*Problem statement*
When you transcribe the data below, reproduce every line exactly and leave each picture out.
-- Material supplied follows --
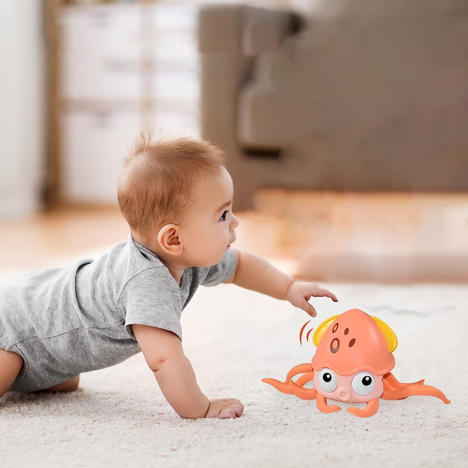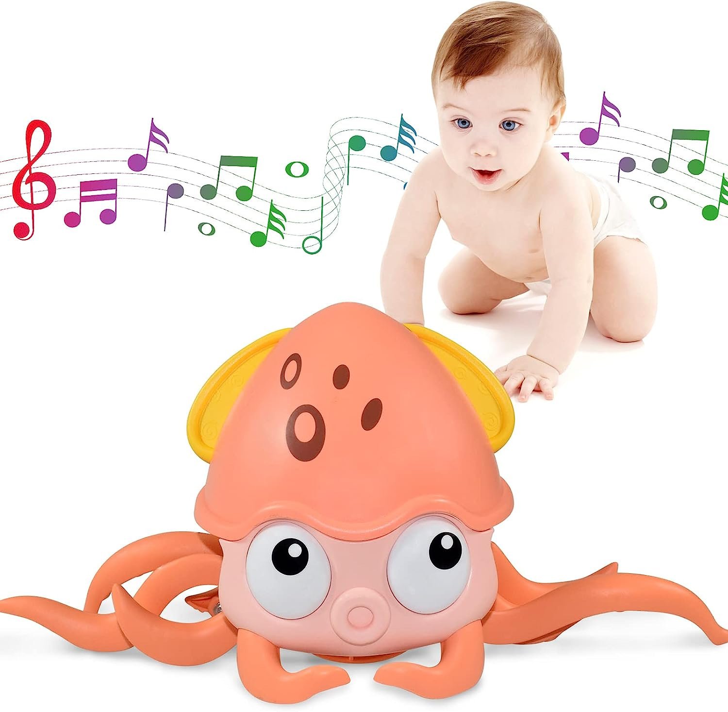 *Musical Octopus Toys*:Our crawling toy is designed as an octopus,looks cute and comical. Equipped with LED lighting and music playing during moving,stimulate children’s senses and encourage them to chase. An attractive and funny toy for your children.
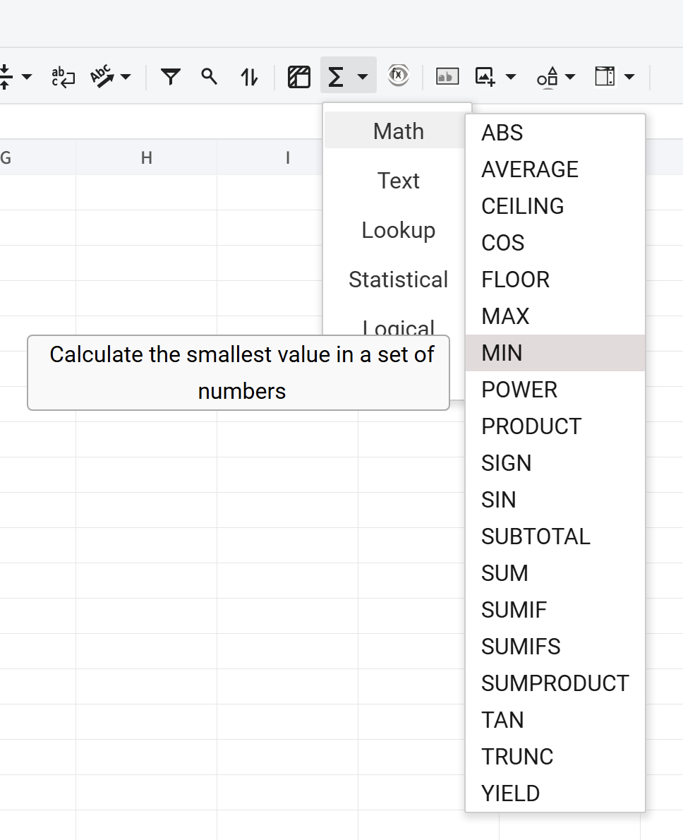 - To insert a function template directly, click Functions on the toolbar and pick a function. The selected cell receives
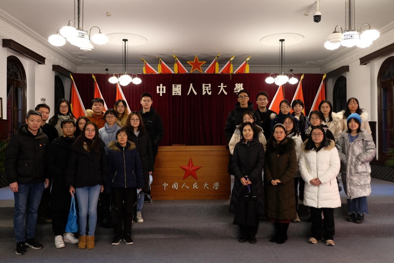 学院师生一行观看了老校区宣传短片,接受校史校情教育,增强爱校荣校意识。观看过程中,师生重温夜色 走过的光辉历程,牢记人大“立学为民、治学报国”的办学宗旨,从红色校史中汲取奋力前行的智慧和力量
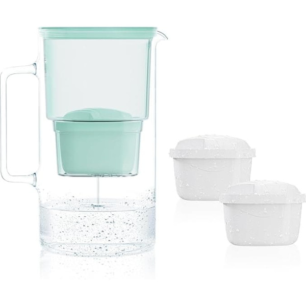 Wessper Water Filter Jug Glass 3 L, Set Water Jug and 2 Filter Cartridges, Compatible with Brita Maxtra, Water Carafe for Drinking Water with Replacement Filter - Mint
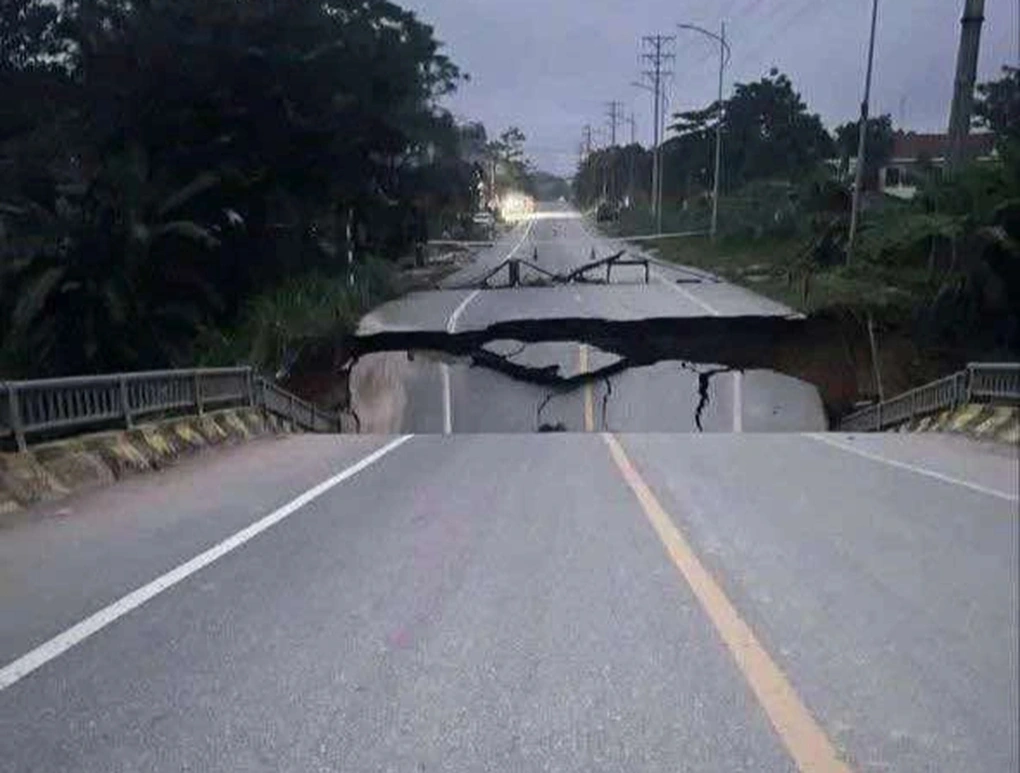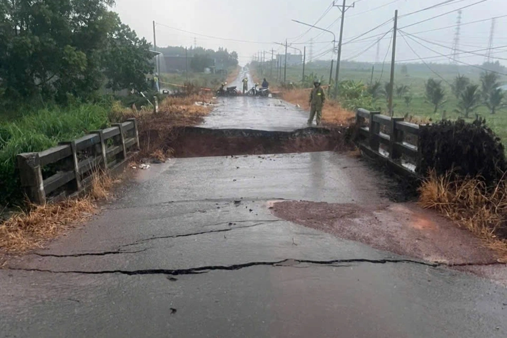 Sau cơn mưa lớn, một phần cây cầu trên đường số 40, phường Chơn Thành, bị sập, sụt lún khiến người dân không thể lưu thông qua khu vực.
-- Material supplied concluded --
*Solution to the problem*
 *Musical Octopus Toys*:Our crawling toy is designed as an octopus,looks cute and comical. Equipped with LED lighting and music playing during moving,stimulate children’s senses and encourage them to chase. An attractive and funny toy for your children.
 - To insert a function template directly, click Functions on the toolbar and pick a function. The selected cell receives
 学院师生一行观看了老校区宣传短片,接受校史校情教育,增强爱校荣校意识。观看过程中,师生重温夜色 走过的光辉历程,牢记人大“立学为民、治学报国”的办学宗旨,从红色校史中汲取奋力前行的智慧和力量
 Wessper Water Filter Jug Glass 3 L, Set Water Jug and 2 Filter Cartridges, Compatible with Brita Maxtra, Water Carafe for Drinking Water with Replacement Filter - Mint
 Sau cơn mưa lớn, một phần cây cầu trên đường số 40, phường Chơn Thành, bị sập, sụt lún khiến người dân không thể lưu thông qua khu vực.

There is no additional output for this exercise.